A relative newcomer to the world of activist investing, Mr. Manji founded Sandpiper in 2016 after spending more than two decades in commercial real estate and selling his retirement-living company to the Ontario Teachers' Pension Plan.

The private-equity firm quickly made a name for itself after it launched a proxy fight at industrial property company Granite REIT in May, 2017, and won support from influential proxy advisers Institutional Shareholder Services and Glass Lewis for its slate of directors.

The pressure from Sandpiper, along with another activist investor, forced Granite’s chairman, its vice-chairman and another long-standing board member to resign. Granite unit holders then added fresh blood to the board, including Mr. Manji and two other Sandpiper nominees.

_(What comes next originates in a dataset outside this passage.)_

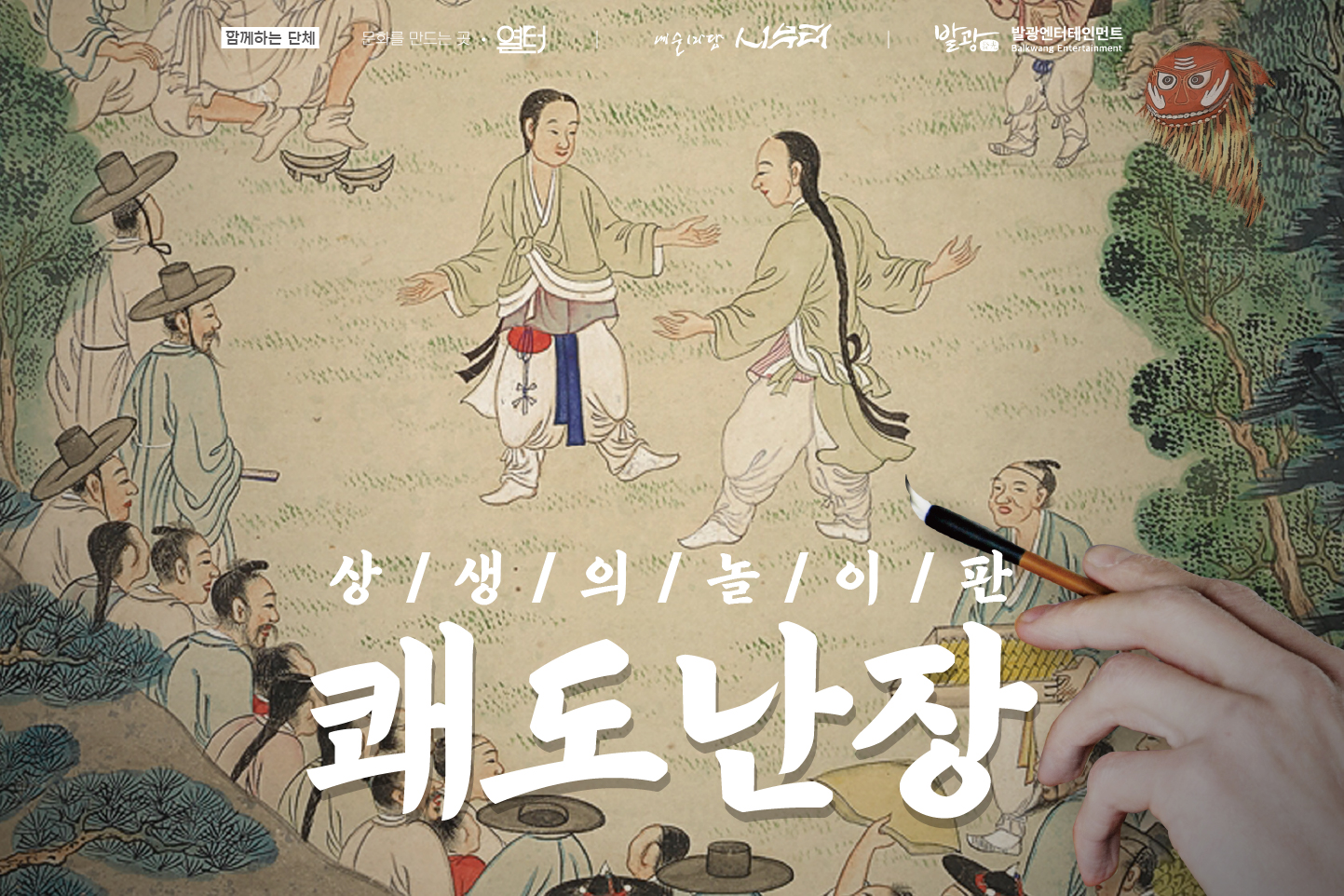 【[공 연]대관공연】상생의 놀이판 쾌도난장 장소 동탄복합문화센터 반석아트홀 기간 2023년 9월 6일 ~ 2023년 9월 6일 요일 수 공연시간 70분 티켓정보 070-4102-6757 관람등급 전체관람가 문의 070-4102-6757 >= 경기도 경기문화재단 희망화성 바꾸는 화성시문화재단">. 목록이미지.jpg [ Size : 1006.61KB, Down : 898 ] 미리보기 다운로드 목록이미지 포스터.jpg [ Size : 4.42MB, Down : 1,316 ] 미리보기 다운로드 포스터 상세페이지.jpg [ Size : 3.72MB, Down : 1,270 ] 미리보기 다운로드 상세페이지 목록보기

It was a coup for Sandpiper and the private-equity firm’s first public success. Sandpiper then waged a public campaign against Agellan Commercial REIT to shake up the board and stop the trust from paying $15-million to an external manager. Sandpiper got Agellan’s largest unit owner on its side and added two of its directors to the board.

Today, Mr. Manji is raising an additional $200-million to bring his fund up to $600-million so that he can expand its investments next year.

Mr. Manji would not provide names or identify the type of real estate he is pursuing, but he said companies with more than one type of real estate (such as office buildings, apartments and warehouses) or those that are heavily invested in retail or properties in Alberta would come under pressure.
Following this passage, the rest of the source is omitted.